From the onset of his career, Chet Lo quickly became a rising star for his spiked-up popcorn knits that quickly took on cult status amongst the Gen Z style set. But like anyone that’s quick to ascend, there’s always the risk of burning out. For Spring/Summer 2024, though, Lo proves he has so much more to offer, delivering a striking collection that oozed an evolved sex appeal.
Reflecting on his own complicated relationship with his sexual identity, having grown up as queer Chinese-American, Lo, like many second-generation LGBTQ+ people, found inspiration in the ways sexuality is suppressed and represented in Asian cultures. This, in turn, drew him to avenues. Lifting graphics unearthed from ancient Chinese erotic art and Japanese shunga—a traditional art form often featuring same-sex couples’ depictions—Lo abstracted these images across satin devoré tops, knits and even leather to create blush-inducing prints.
Elsewhere, lace-up details inspired by the Japanese erotic rope play Shibari, put a twist on the sensuality of his figure-hugging looks, instead calling on tactical separates and negative space to empower.
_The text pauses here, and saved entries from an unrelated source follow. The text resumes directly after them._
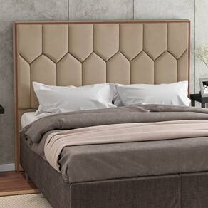 Características do Produto Material da estrutura: Madeira de Eucalipto. Material do Forro: Kami TNT. Densidade da Espuma do Painel: Espuma D20. Revestimento: Veludo. Possui Pés: Sim. Tipo de Pés: Sapatas Plásticas. Possui Frame: Sim. É adequado para cama box: Sim. Tamanhos de cama: Casal. Acompanha Mesa de Cabeceira: Não. Diferenciais: - Design moderno. - Costura em formas geométricas. - Para ter acesso ao frame, é necessário verificar a parte interna e traseira da Cabeceira. Sistema de Montagem: O produto é enviado montado, sendo necessário apenas a fixação do frame. Manual de Montagem: Não. Complexidade da Montagem: Baixa. Conteúdo da Embalagem: 1 Cabeceira. Volumes: 1 Volume. Garantia do Fabricante: 90 dias contra defeitos de fabricação. Montagem: Recomendamos que seja feita por um profissional. Recomendação de limpeza: Utilize pano levemente úmido.
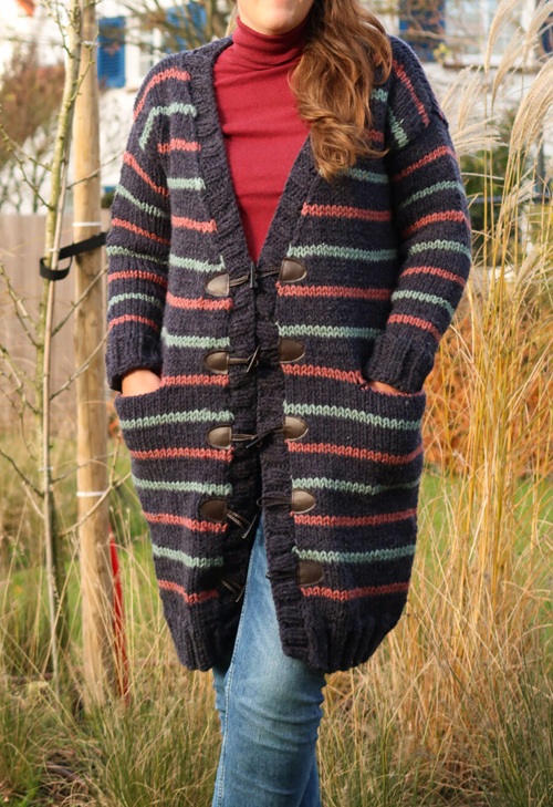 Take a look at this striped oversized cardigan by Hortense. This winterwear is a bit heavier than usual cardigans, so if you want a lightweight one, avoid this.
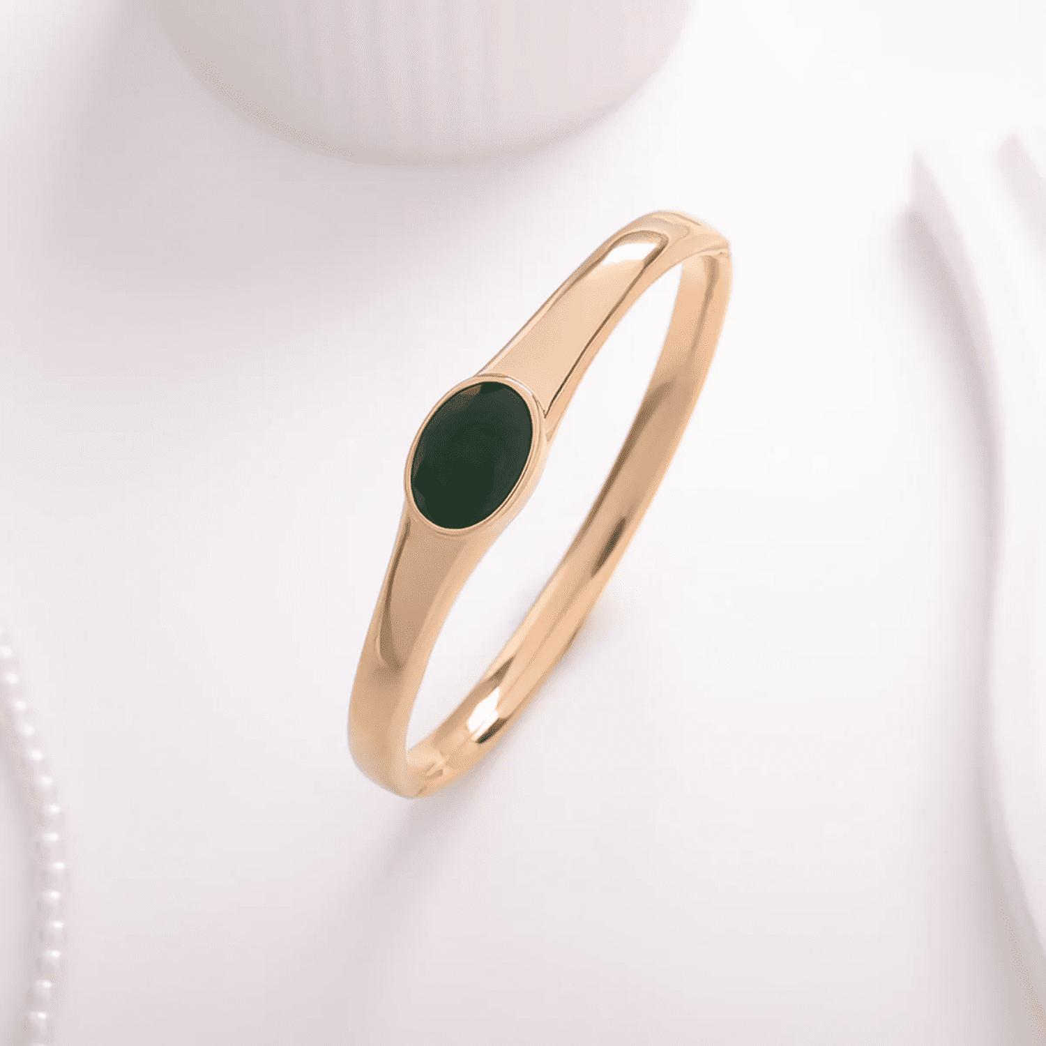 Crafted with attention to detail, this bracelet offers a comfortable fit and a touch of refined glamour. The smooth, gold-plated surface catches the light, enhancing the rich green hue of the central stone. Its classic bangle style ensures easy wear and a secure fit, making it ideal for both everyday elegance and special occasions.

Hair, by Anna Cofone, was a beauty highlight of the week, taking the Shibari influence and transforming locks into towering sculptural branches worn with palpable confidence.
Lo’s trademark knitwear was not absent but took on a more subdued note to the delight of his loyal fans. But as the designer admitted, his ambitions lie in pushing the label beyond just an of-the-moment wardrobe piece, and in this collection, he proves in spades just how capable he is.